Russia will stop the transit of Kazakh oil to Germany through the Druzhba pipeline from May 1, disrupting a route that Berlin had built up after ending direct Russian crude imports. The move affects supplies to the PCK refinery in Schwedt, a major fuel plant for Berlin and Brandenburg. Russia’s Deputy Prime Minister Alexander Novak said the change would begin because of “technical possibilities.”
Germany’s economy ministry said Rosneft Germany, which remains under German trusteeship, had informed the Federal Network Agency that transit of Kazakh crude through Russian territory to PCK would be prohibited from that date. The ministry added that the Russian government had not directly notified Berlin. Germany’s economy ministry said the stoppage did not threaten fuel supply and that existing alternatives would be used.
About 17% of PCK Schwedt’s current crude supply comes from Kazakh oil delivered through the Druzhba pipeline. Germany’s economy ministry said that “existing options will be utilized to ensure security of supply in Germany” and that the halt “did not put the security of supply of petroleum products in jeopardy.”

Image: pck.de/
However, the halt still exposes Germany’s reliance on a route that runs through Russia.

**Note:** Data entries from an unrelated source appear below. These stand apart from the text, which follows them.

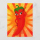 A cute cartoon pepper posing for a picture. Custom postcards. Superstar style. Vintage style applied to the print.
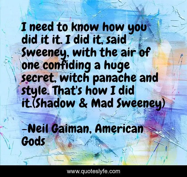 This page presents the quote "I need to know how you did it it. I did it, said Sweeney, with the air of one confiding a huge secret, witch panache and style. That's how I did it.(Shadow & Mad Sweeney)". Author of this quote is Neil Gaiman, American Gods. .
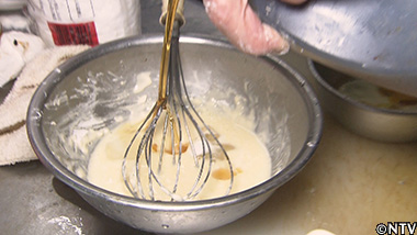 (3)卵、小麦粉、片栗粉で衣を作る。 香り付けにごま油を加える。 |
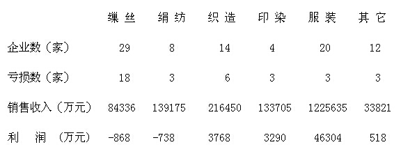 全省繅絲企業(yè)累計利潤額本月繼續(xù)出現(xiàn)虧損,累計虧損額增大;絹紡企業(yè)累計利潤本月繼續(xù)出現(xiàn)虧損,但虧損額有所減少;織造企業(yè)環(huán)比利潤額有所上升,累計利潤額比去年同期有較大上升;印染、服裝、其它企業(yè)累計利潤額同比有所下降,其中蠶絲被企業(yè)下降較大。
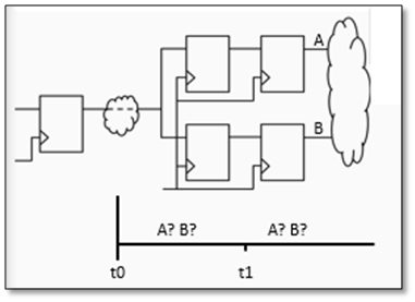 Another CDC issue that must be addresses is that of data reconvergence, when two data signals are combined after being independently synchronized between the same two clock domains. This is a problem because synchronization is inherently an arbitration to avoid metastability. A new value will be correctly clocked, without metastability, on one of two successive receiving clock cycles. There’s no way of knowing which. The two signals in question can be arbitrated differently and can end up being clocked into the receiving domain on different clock cycles when correct operation depends upon their remaining in step. Think again of the coin toss. With a single bit, it’s all but certain that the coin will end up either heads or tails, but with multiple bits, you’d need either all heads or all tails. That’s a losing bet.
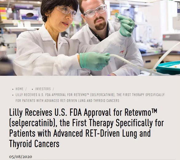 美國FDA批準(zhǔn)禮來(Lilly)旗下Loxo Oncology公司開發(fā)的高選擇性RET激酶抑制劑Selpercatinib(商品名:Retevmo,即LOXO-292)上市,用于治療轉(zhuǎn)移性、RET融合陽性的非小細(xì)胞肺癌(NSCLC)成人患者,需要系統(tǒng)治療(全身治療)的晚期或轉(zhuǎn)移性、RET融合陽性的甲狀腺癌成人和12歲以上兒童患者,以及需要系統(tǒng)治療的RET突變型甲狀腺髓樣癌(MTC)成人和12歲以上兒童患者。
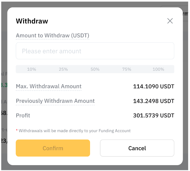 手数料控除後のグリッド利益を限度に出金できます。出金ウィンドウに表示された「Max. Withdrawal Amount(出金限度額)」を参照してください。出金額は、資金調達アカウントに入金されます。
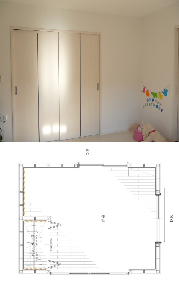 和室にあった2つの押入れは、解体して半分をクローゼットに、もう半分は部屋の一部にすることでお部屋も広々使えるようになりました。
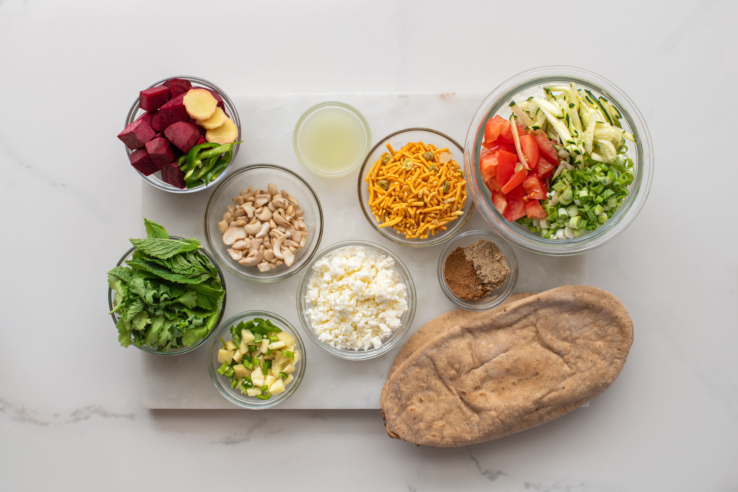 This colourful sandwich was introduced to us by our medical student intern Rajvi Patel. It uses two punchy chutneys - beetroot and coriander - and a f...This colourful sandwich was introduced to us by our medical student intern Rajvi Patel. It uses two punchy chutneys - beetroot and coriander - and a filling made from crumbled paneer. An optional sprinkle of sev (fried chickpea noodles) adds a satisfying crunch. If you can't find sev, a sprinkle of mixed seeds makes a great alternative. Read more This colourful sandwich was introduced to us by our medical student intern Rajvi Patel. It uses two punchy chutneys - beetroot and coriander - and a filling made from crumbled paneer. An optional sprinkle of sev (fried chickpea noodles) adds a satisfying crunch. If you can't find sev, a sprinkle of mixed seeds makes a great alternative. This colourful sandwich was introduced to us by our medical student intern Rajvi Patel. It uses two punchy chutneys - beetroot and coriander - and a filling made from crumbled paneer. An optional sprinkle of sev (fried chickpea noodles) adds a satisfying crunch. If you can't find sev, a sprinkle of mixed seeds makes a great alternative.
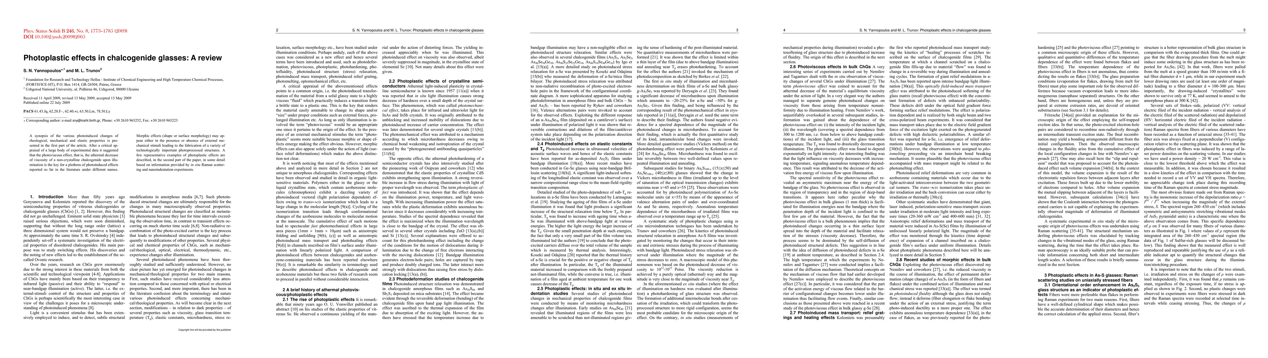 A synopsis of the various photoinduced changes of rheological, mechanical and elastic properties is presented in the first part of the article. After a critical appraisal of a large body of experimental data it suggested that the photoviscous effect, that is, the athermal decrease of viscosity of a non-crystalline chalcogenide upon illumination is the key for a plethora of photoinduced effects reported so far in the literature under different names. Morphic effects (shape or surface morphology) may ap-pear either in the presence or absence of external mechanical stimuli leading to the fabrication of a variety of technologically important photoprocessed structures. A few representative examples of photoplastic effects are described, in the second part of the paper, in some detail based on information provided by in situ Raman scattering and nanoindentation experiments.

Schwedt can process up to 12 million metric tons of oil a year and is a major fuel supplier for Berlin and Brandenburg, so any disruption attracts close attention even if replacement volumes can be found elsewhere. Germany has already looked at alternative deliveries through Rostock and Gdansk.

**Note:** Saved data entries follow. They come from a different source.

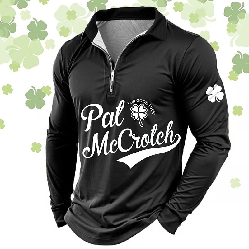 St Patrick's Day Men's Four Leaf Clover Text Zip Polo Shirts Long Sleeve Polo Shirts Lapel Casual Outdoor Festival Outfit 3D Print Spring Fall Black Light Green Green
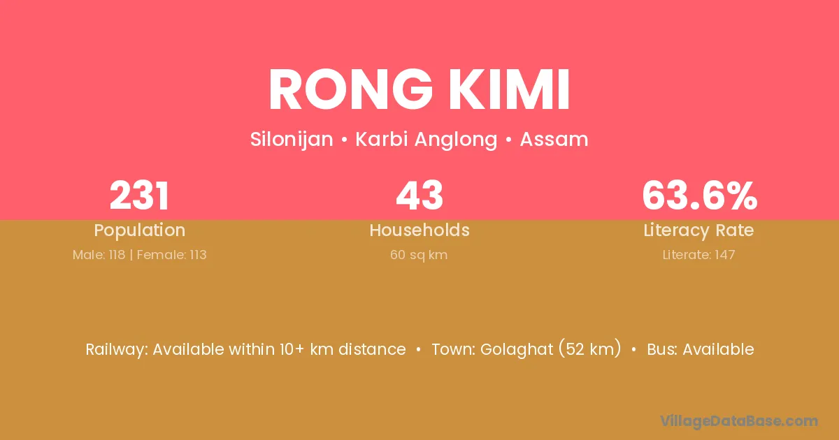 Rong Kimi village has a total population of 231 people, of which 118 are males and 113 are females.
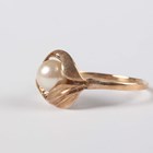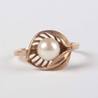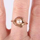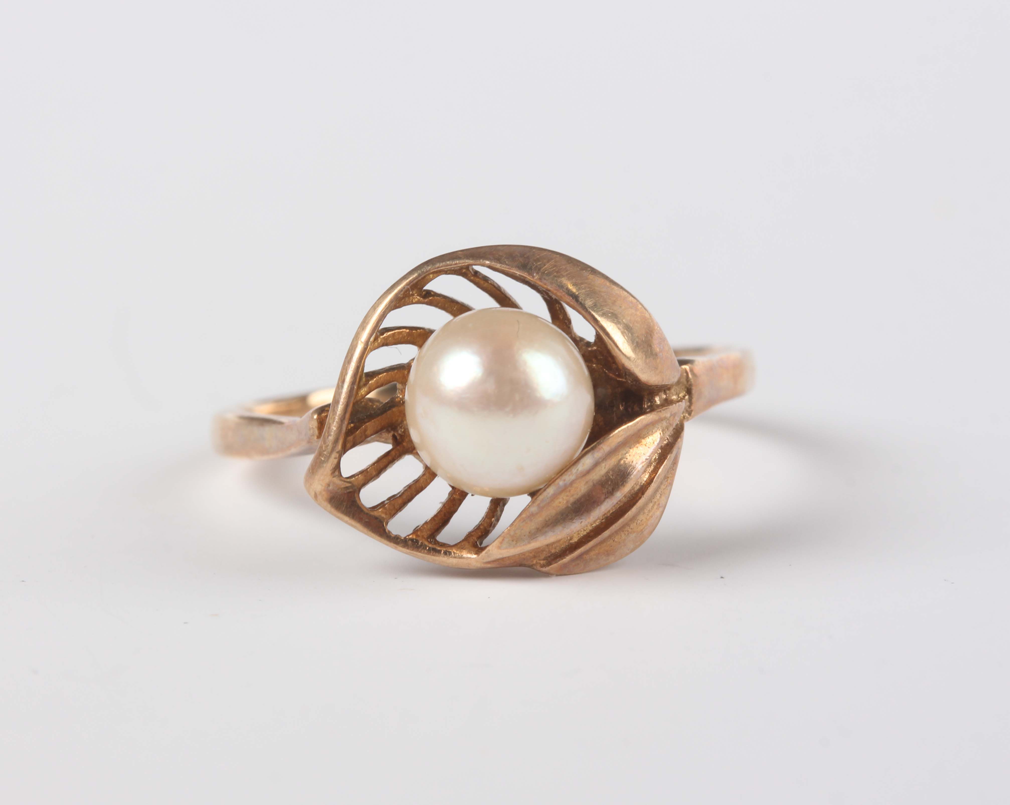 A 9ct gold and cultured pearl ring in a foliate design, detailed '9ct', weight 2.5g, ring size approx P1/2, with a case.

Since 2023, Kazakh crude has reached Germany through Russia and Belarus via the Druzhba pipeline, giving Berlin a non-Russian source of oil and expanding Astana’s role in the European market. But the route still relied on Russian transit approval. The halt comes after two years of growth. Regular deliveries of Kazakh crude to Germany began in 2023, and in October 2025, the supply arrangement was extended through the end of 2026.

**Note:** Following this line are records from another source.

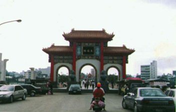(編按:附圖(1)即為交由大陸包工製作的青平石柱,和祖師廟原有的風格蹭格不入,而顯得頗為滑稽。附圖(2)是長福橋上的模製石獅。)
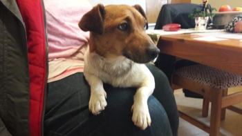 Terrassentür. Weinend vor Glück schloss Frauchen ihr abgemagertes Tier
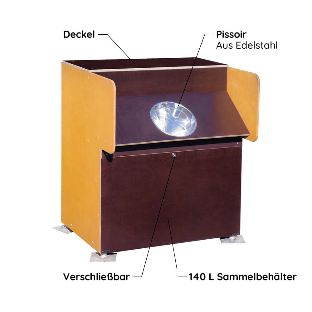 Unser öKlo-Urinal wird regional (in Niederösterreich) aus nachhaltigen Materialien hergestellt, ist kompakt, wetterfest und stabil. Man kann es leicht transportieren und überall rasch aufstellen. Zur Entleerung ist keine Absaugung notwendig.

Kazakhstan had been planning to expand that trade further. During an April 7 meeting with Bavarian State Minister Eric Beißwenger, Kazakhstan’s Energy Ministry said it aimed to raise oil exports to Germany to 2.5 million tons in 2026. Reuters reported that 2.146 million metric tons were delivered in 2025 and that 730,000 tons were supplied in the first quarter of 2026. KazTransOil has separately published its first-quarter operating results.
Kazakhstan’s Energy Minister Yerlan Akkenzhenov confirmed that Druzhba transit to Germany would be halted. “For May, transit through Atyrau-Samara in the direction of the Druzhba pipeline and further to the Schwedt refinery is zero,” Akkenzhenov stated. He added that the Russian side, according to unofficial information, said it lacked the technical capability to pump Kazakh oil and that this was “most likely” linked to recent strikes on Russian infrastructure. He said transit would resume once the technical issue was resolved.
Kazakh crude sent to Germany through Druzhba first moves via the Uzen-Atyrau-Samara pipeline and then through Transneft’s system to the Adamova Zastava delivery point before reaching Schwedt. The oil is sold as KEBCO, or Kazakhstan Export Blend Crude Oil, and comes from major fields including Tengiz, Kashagan, and Karachaganak.
Russia sent mixed signals before confirming the halt. On April 21, Kremlin spokesman Dmitry Peskov said he was unaware of any plan to halt Kazakhstan’s oil transit to Germany. But just a day later, Novak publicly confirmed that supplies intended for Germany would be diverted elsewhere, leaving Germany to rely more heavily on seaborne alternatives.
The history of the Schwedt link helps explain the halt’s significance. After Russia’s full-scale invasion of Ukraine, Germany moved to replace Russian crude at the refinery, whose majority owner had been Rosneft. Kazakh oil became part of that shift. In March 2023, Germany received 100,000 tons of Kazakh crude through Druzhba, the first shipment under the new arrangement. What began as a workaround became a regular supply route.
That growth now looks less certain. Germany wanted Kazakh oil because it was a politically safer substitute for Russian crude, while the German market offered Kazakhstan a larger European outlet. But the route between those two goals still passed through Russian territory and needed Russian approval. The cutoff does not create an immediate fuel shortage in Germany, but it shows how limited diversification remains when an alternative route still runs through Russia.
The disruption also points to a broader constraint for Kazakhstan. Its oil exports still depend heavily on Russian transit, and there is no quick substitute at the same scale. Routes across the Caspian and through the South Caucasus offer alternatives, but they remain smaller and more complex. Local analysts say the volumes sent to Germany through Druzhba are relatively small in Kazakhstan’s overall export picture, at about 3 million tonnes a year, or roughly 3.7% of total oil exports. But a prolonged suspension could still raise transport costs and uncertainty for exporters.
The May halt goes beyond one refinery and one month’s schedule. Europe can buy Kazakh oil instead of Russian crude, and Kazakhstan can sell more barrels to Europe, but the route between them still runs through Russia. As long as that remains the case, both sides stay exposed to decisions taken in Moscow.